With pictures excluded, give again exactly the lines running from the one holding "Ano ang kahulugan" through the end of the listing below.

— RAW DATA —
________________________________________
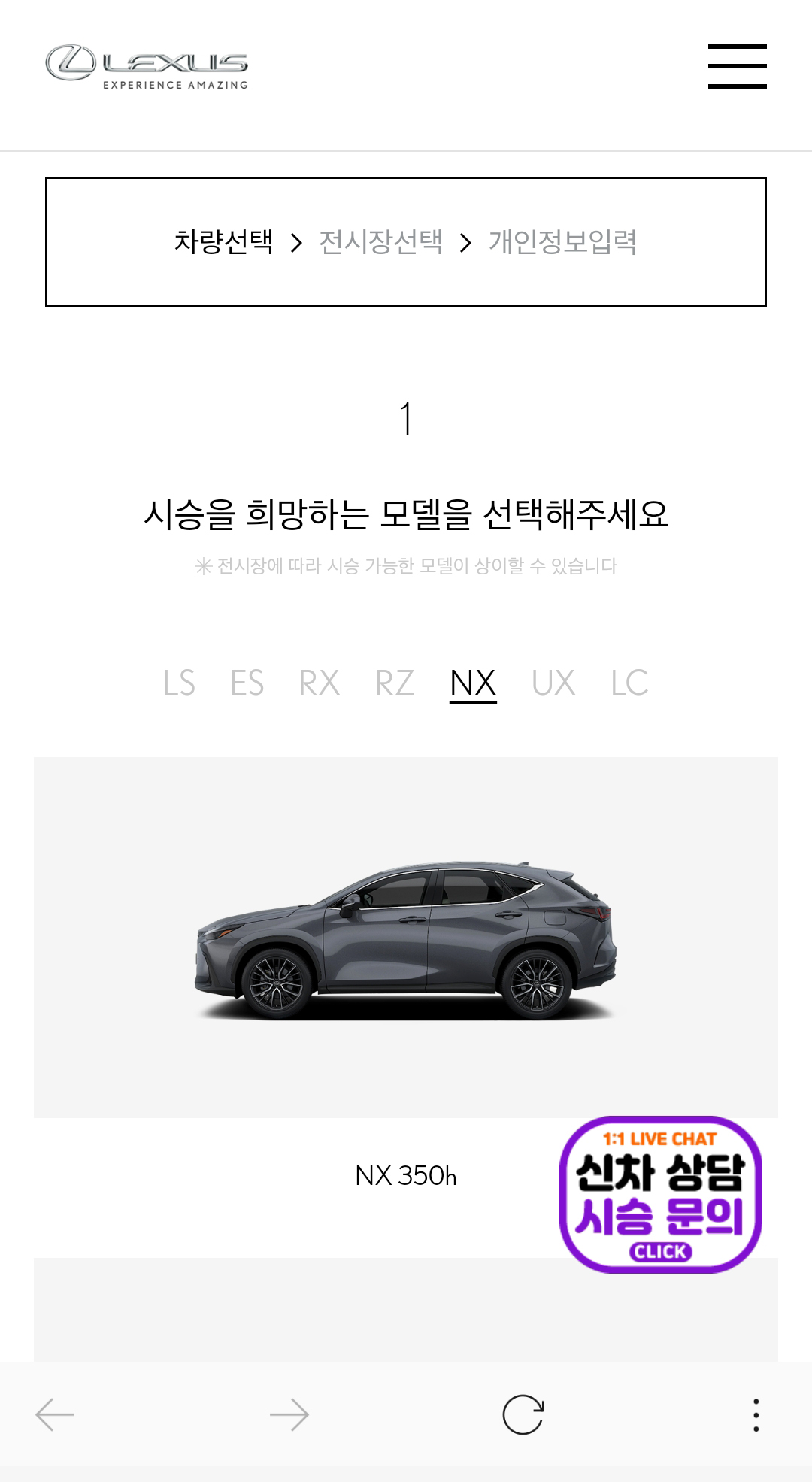 엘앤티 렉서스 안양 시승센터 시승 신청은, 온라인 홈페이지에 접속해 시승을 희망하는 차량을 먼저 선택! 이번에 시승을 진행한 NX 350h를 선택해 줬고, 이어지는 창에서 안양 시승센터에서 비대면 시승을 선택하고 원하는 시승 날짜와 필수 고객 정보를 입력하면 시승 신청이 완료된다. 신청 후 곧바로 예약 확정 안내 문자, 카카오톡도 발송되어서 선택한 예약 날짜, 시간에 맞게 엘앤티 렉서스 안양 시승센터에 방문해서 시승을 바로 진행하면 된다.
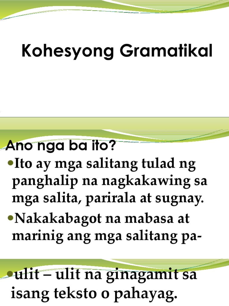 Ano ang kahulugan ng kohesyong gramatikal. Nakababagot na mabasa at marinig ang mga salitang paulit-ulit na ginagamit sa isang texto o pahayag. Kohesyong Gramatikal Cohesive Device Reference Cohesive Device Reference o kohesiyong gramatikal ay nagpapatungkol sa mga salitang nagsisilbing pandanda upang hindi maging paulit-ulit ang mga salita. MGA URI NG PANANDANG GRAMATIKAL 1 Reference o Pagpapatungkol- ito ang paggamit ng mga panghalip na tumutukoy sa mga nauna o nahuling pangalan.
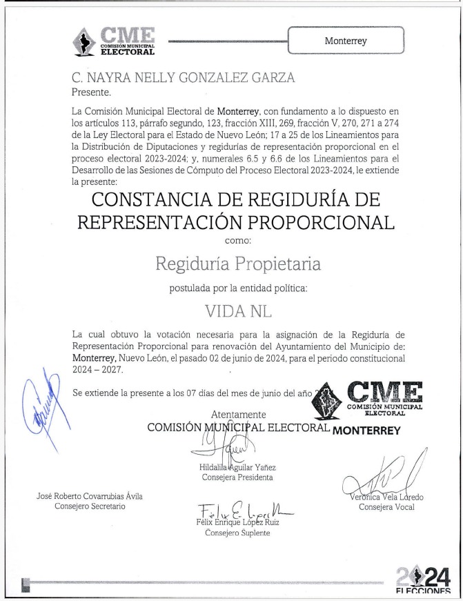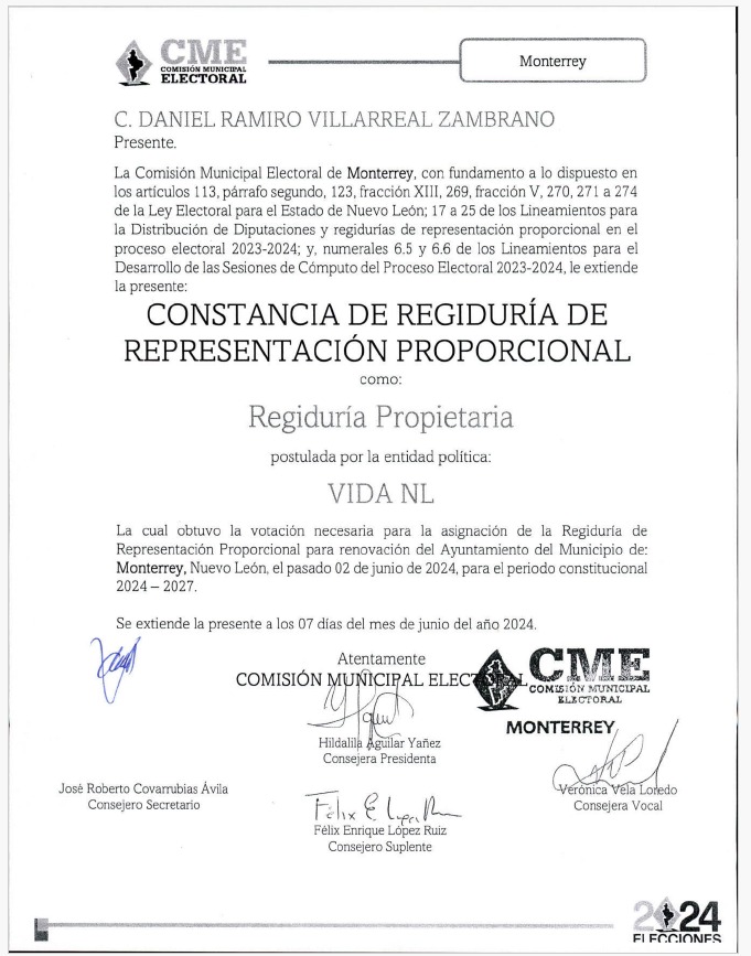 Archivos adjuntos LOS RAMONES Regidurías RP VIDA NL 2024-2027 GARCÍA Regidurías RP VIDA NL 2024-2027 GRAL. ZUAZUA Regidurías RP VIDA NL 2024-2027 MONTERREY Regidurías RP VIDA NL 2024-2027 REGIDORES DE VIDA NL 2024-2027
________________________________________
— REPLY —
 Ano ang kahulugan ng kohesyong gramatikal. Nakababagot na mabasa at marinig ang mga salitang paulit-ulit na ginagamit sa isang texto o pahayag. Kohesyong Gramatikal Cohesive Device Reference Cohesive Device Reference o kohesiyong gramatikal ay nagpapatungkol sa mga salitang nagsisilbing pandanda upang hindi maging paulit-ulit ang mga salita. MGA URI NG PANANDANG GRAMATIKAL 1 Reference o Pagpapatungkol- ito ang paggamit ng mga panghalip na tumutukoy sa mga nauna o nahuling pangalan.
 Archivos adjuntos LOS RAMONES Regidurías RP VIDA NL 2024-2027 GARCÍA Regidurías RP VIDA NL 2024-2027 GRAL. ZUAZUA Regidurías RP VIDA NL 2024-2027 MONTERREY Regidurías RP VIDA NL 2024-2027 REGIDORES DE VIDA NL 2024-2027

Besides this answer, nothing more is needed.